# Tamiya F201 folks



## dba-one (Apr 25, 2004)

I've had mine for about two weeks and I love it. This thing can handle. My issue is the rear shocks. If you set the car down it's own weight is enough to use at least have of the shock travel. If you push the rear down it stays down for the most part. This happened on my TA04 and I used some of thos spacer things on the top and bottom of the shocks. That mostly cured the problem but the 201 shock in thinner. Any suggestions?


----------



## IndyRC_Racer (Oct 11, 2004)

The F201 kit does not come with enough preload spacers. I can't remember which parts tree the shock spacers come on, but you will have to buy some parts to get the extra spacers. The parts tree should be at the back of the manual along with a part number. Luckily parts aren't too expensive for the F201. Here is a link to Tower Hobbies that should help:

http://www2.towerhobbies.com/cgi-bin/wti0001p?&I=LXCCE6&P=7


----------



## dba-one (Apr 25, 2004)

I'll check it out. I keep the instuctions for everything so I know right where they are. I'd like to just replace the stock spings and shocks with some good stuff. Any suggestions? Most parts seem low cost enough for this car but I don't see a ton of options (aftermarket) for the car. I'm certainly going to get that carbon chassis for it though.


----------



## IndyRC_Racer (Oct 11, 2004)

Check out this website: http://www.formula1-rc.com/
I'd say this should give you plenty of info on upgrades and aftermarket parts.
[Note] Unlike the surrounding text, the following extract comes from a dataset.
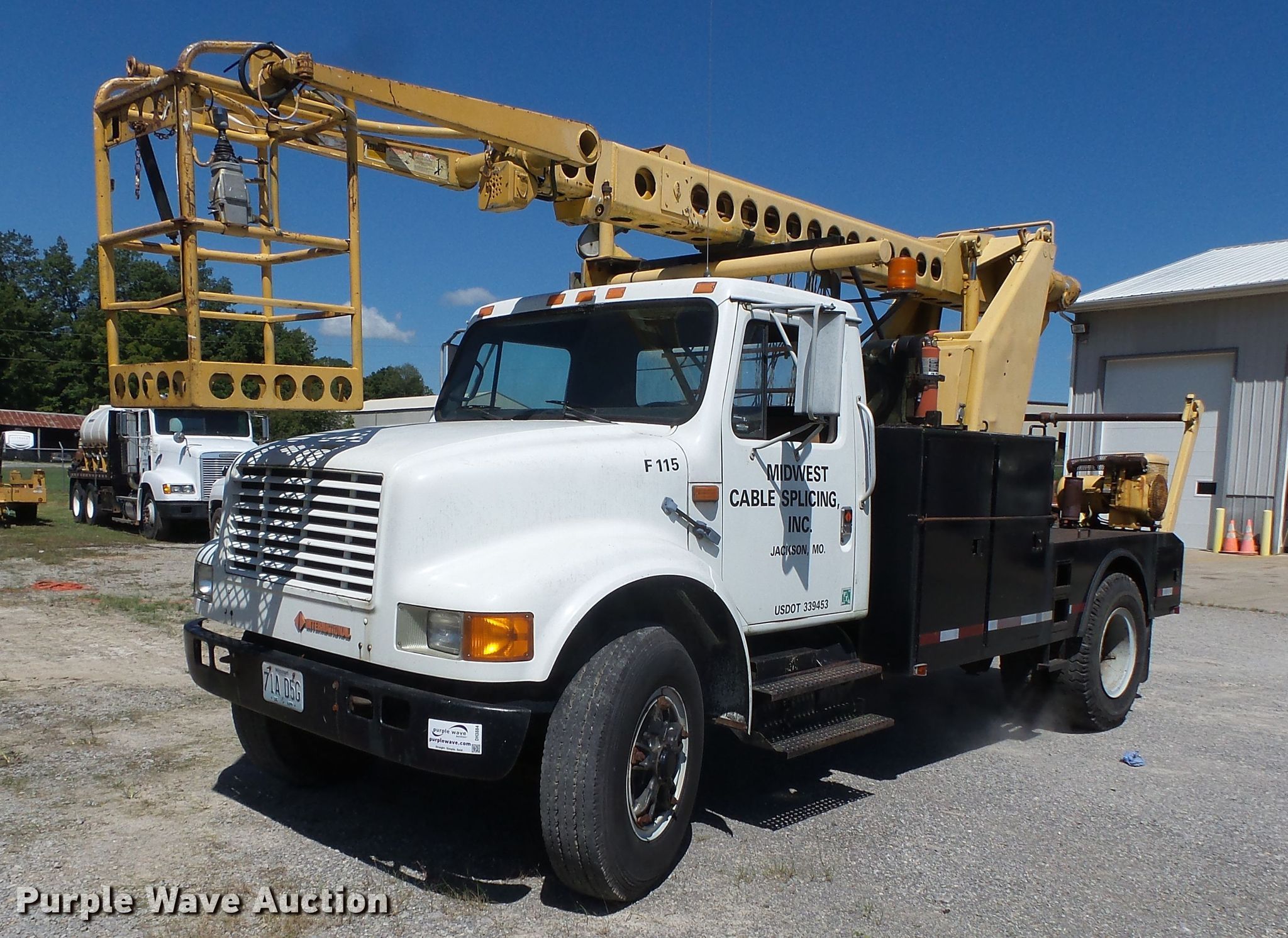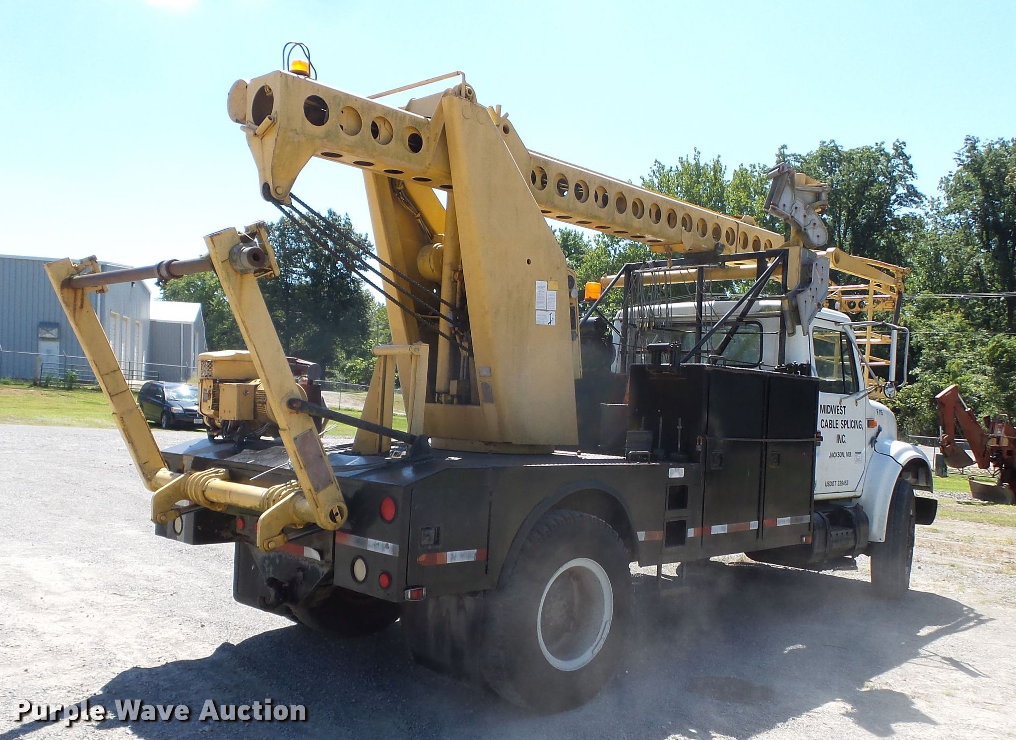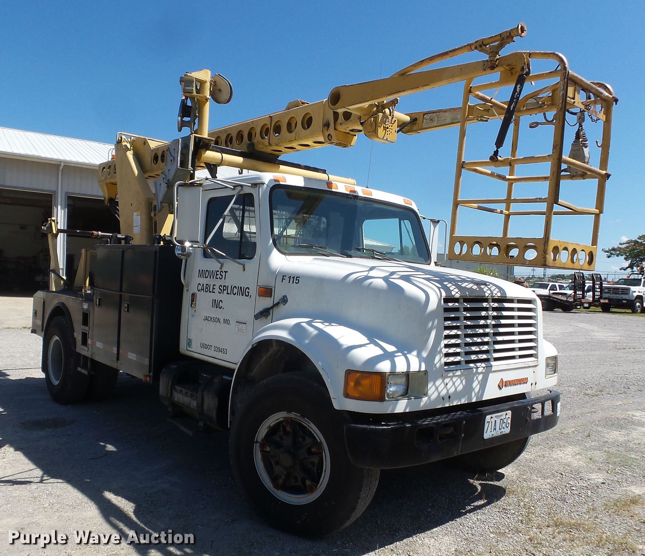 1991 International 4600 bucket truck. 117,662 miles on odometer, Unit #: F115. Engine International DT444, Displacement: 7.3L, Cylinders: 8, Fuel type: Diesel. Transmission Manual, Speed: 5. Chassis Axles: Single, Suspension: Spring, Brakes: Air, Wheelbase: 188". Interior Heat. Operational Utilitye bed Telsta, Length: 12' 3", Engine Onan 4.0CCK, Serial: J81059193, Cylinders: 2, Fuel: Gas, Reel carrier Capacity: 3,500 lbs, Winch, Boom Telsta T40B, Serial: 1340, Maximum lift capacity: 500 lbs, Maximum lift height: 40', Boom type: Telescopic, Man basket, Boom controls Ground, Platform/ basket.. Tires Size: 10.00R20. Missouri title. Title distribution may be delayed up to 14 days from verification of funds. 1HTSAZRN7MH342144. Midwest Cable Splicing. 1828 Co Rd 330. Jackson, MO 63755

Since the F201 is almost a dead class in the TCS series (they did bring it back for 2006 TCS America final), I wouldn't worry about what upgrades you put on it. There are aftermarket shocks, but I don't remember if any are threaded.

If you want an aftermarket chassis, try here http://home.comcast.net/~martylee38/parts_list.htm
MLP also has a 2wd version F1 car as well.

Hope the info helps.


----------



## dba-one (Apr 25, 2004)

Thanks for the info. I don't race so being a dead class means nothing to me. I just want to have fun.


----------